The answer:  Truth.  We are surrounded by lies every way we turn.  We can't avoid them!  They come in through our computers, our tvs, the radio, magazines, books, conversations, social media, memories from our past, glances from people we encounter.  We can't get away from all- the- lies!  We're being fed a steady stream of the world's opinion on how we should look and how we should behave and the only way to combat it is to take time for truth every day.  If we are to be women of God, then we must be women of the Word.  Only by feeding on truth, the daily Bread that has been provided for us, do we stand any chance against the enemy we are facing every second of every day.  Remember ladies, we have to stop trying so hard to fit in when we're so beautifully designed to stand out.  Light doesn't blend into the darkness!  It makes a statement in a sea of contradicting thoughts, even if its incomprehensible to those around us.  If we are truly living our lives as a reflection of Christ, it shouldn't matter what reflection we see in the mirror.
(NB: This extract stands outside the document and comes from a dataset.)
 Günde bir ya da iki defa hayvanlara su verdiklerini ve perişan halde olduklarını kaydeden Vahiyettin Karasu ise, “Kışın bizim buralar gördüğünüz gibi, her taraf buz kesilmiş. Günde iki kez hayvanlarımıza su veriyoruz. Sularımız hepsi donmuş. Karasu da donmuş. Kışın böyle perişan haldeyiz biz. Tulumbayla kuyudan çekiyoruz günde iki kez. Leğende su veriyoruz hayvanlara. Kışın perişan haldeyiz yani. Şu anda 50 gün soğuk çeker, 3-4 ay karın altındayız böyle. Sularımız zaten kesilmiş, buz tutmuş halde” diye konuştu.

It's not easy.  But be encouraged that you are not alone.  Keep cultivating a submissive heart and godly character because that's what's truly beautiful to God.

The Broken List

There are always aspects of me that I don't like, things I'm always striving to improve upon.  If I had a task list of life-objectives, areas of my own self that I could find fault with, it would extend beyond any vision of the horizon before me.  I am never satisfied.

I feel like, if I could take my life and hold it at arms length, an intimate distance but a distance still, I would be uncomfortable with what I was looking at.  I would be consumed with all the divots of failure, chasms of bad decisions, canyons of perpetual disobedience that left me wandering in valleys of confusion and hopelessness.  I would see something broken.
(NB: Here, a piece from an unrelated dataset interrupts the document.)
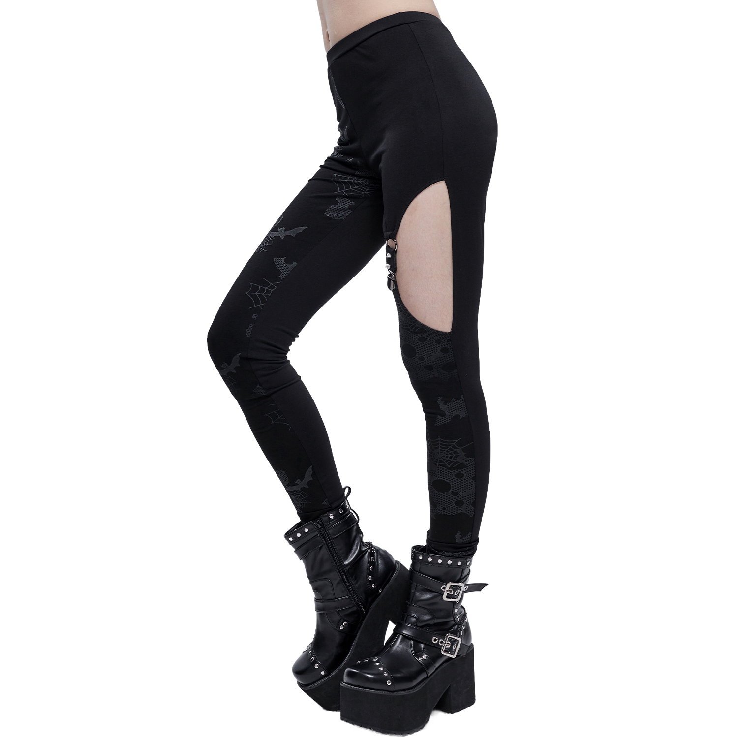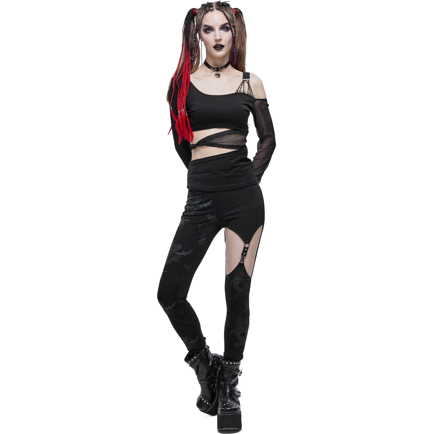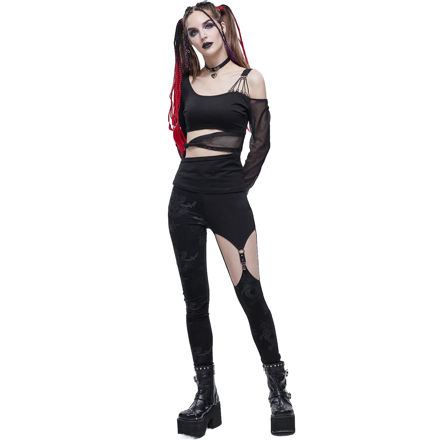 Black stretchy female's gothic leggings with mesh details and spider web decorations at the front. • Made of snakeskin patterned stretchy fabric. • 95% Polyester, 5% Spandex By Punk Rave...

In Sunday School, my students are reading through the book of John.  Our method is to read straight through a book or a chapter, dissect it as we go along, and derive truth out of what is in front of us.  We are determined to know John better than any other class in our church and with knowing John comes knowing Jesus.  I have stressed that as Christians, we should know as much about Jesus as we can learn.  After all, if we don't know Jesus, then we're missing Christianity entirely.  Jesus, if nothing else, is a brilliant historical figure!  He was not quiet or shy, defensive or obnoxious, insecure or proud.  He made fantastic statements like, "Destroy this temple and I will raise it in three days."  He called out hypocrites, called people "vipers" in public settings when He saw them propagating false teachings.  He turned over tables and took a whip to people dishonoring the temple.  He even disowned his own family members when they insinuated He was unstable.  He talked to people who others passed by and ignored, rejected, despised.  Throughout the biographies of Jesus (we call them the Gospels), we see a person who loves the down-trodden, the underdog, the broken.

And that's the best part, really.  The reality is that Jesus is so much more than just an historical figure, stuck in the passages of time gone by, teaching us from a comfortable distance.  He's actually even closer than the intimate distance of an arms-length away.  And He still has that soft-spot for the broken.  In fact, He said only the broken need a healer.

So when I'm making my list, that daunting list of all those things I need to improve on, as a follower of Jesus Christ, I have the option, the luxury of turning all of those things over to Him.  Then, and only then, will I experience true satisfaction, not in myself, but in Him.